Landscape has long been an important subject in American art. In the nineteenth century, the American spirit was often identified with the wild, untamed wilderness of the West or breathtaking views of the Hudson River Valley in the East. But in the twentieth century, artist overturned conventions and saw the landscape as a vehicle for both artistic and personal exploration.

By mid-century, Abstract Expressionists used glowing color and expressive line and gesture to capture the metaphysical qualities of the landscape rather than depict it literally. In the 1960s and 1970s Pop artists began to use the techniques and visual language of advertising and mass media.

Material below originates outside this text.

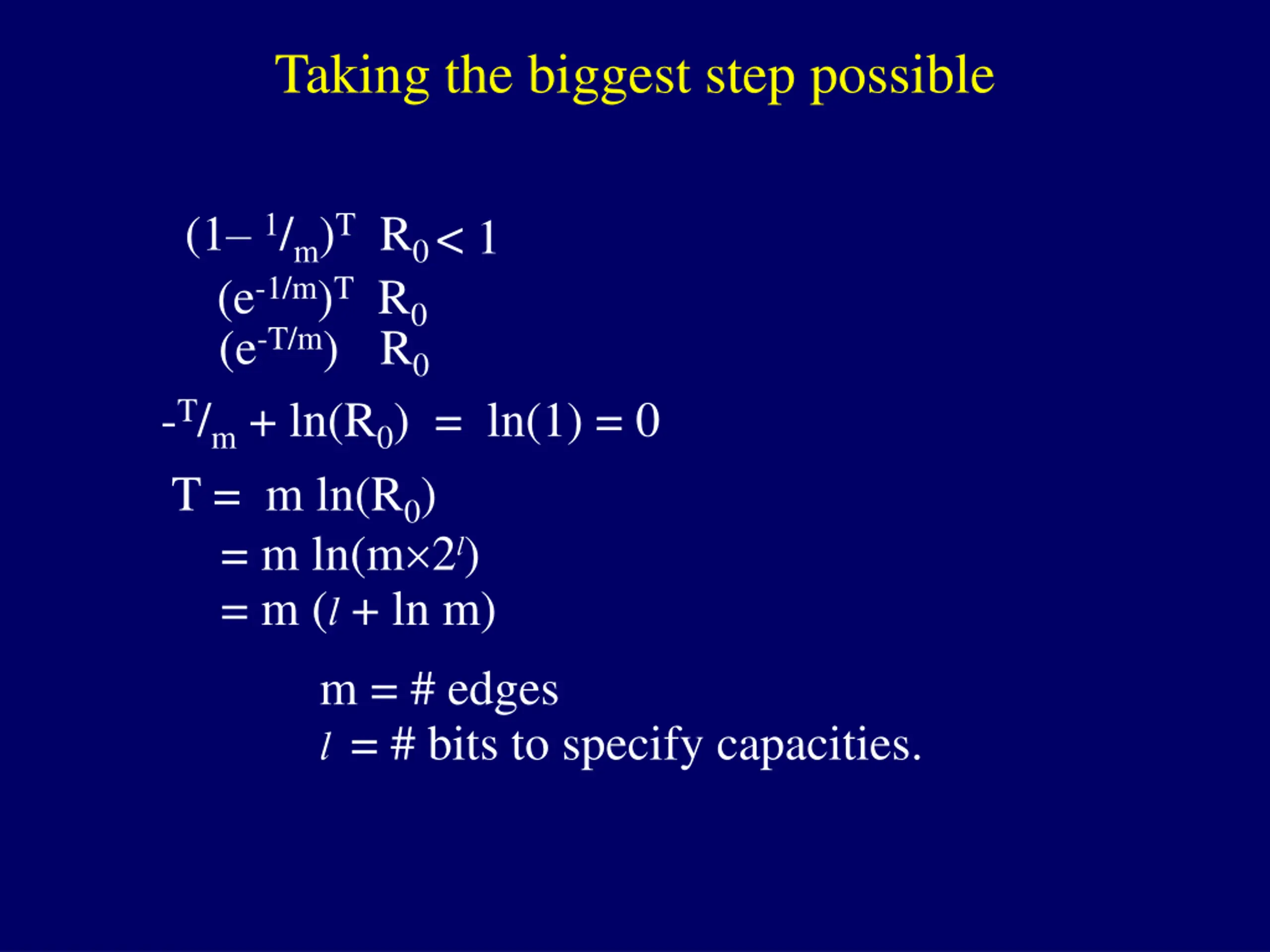 Taking the biggest step possible (1 1/m)T R0 (e-1/m)T R0 (e-T/m)R0 -T/m + ln(R0) = ln(1) = 0 T = m ln(R0) = m ln(m 2l) = m (l + ln m) m = # edges l = # bits to specify capacities. < 1

One of the most influential Pop artists was Andy Warhol, who after a successful career as a commercial illustrator became a renowned and sometimes controversial artist. Warhol worked in a variety of media, including drawing, painting, printmaking, silk screening, photography, sculpture, film, and music. He was also a pioneer in computer-generated art. His large, colorful screenprints, pictured above are an exciting example of the works you will find in Landscape/Mindscape.


Wednesday, May 7, 2014

Installation Landscape

Museum preparator Alan Rideout is working with other staff members; registrar Bebe Lovejoy, assistant registrar Lisa Blackadar, curator Janie Welker, and assistant curator Erin Lochmann to install a new exhibition. Landscape/Mindscape: Selections from the Wells Fargo Collection, an exhibition of Modern and Contemporary landscapes opens May 18.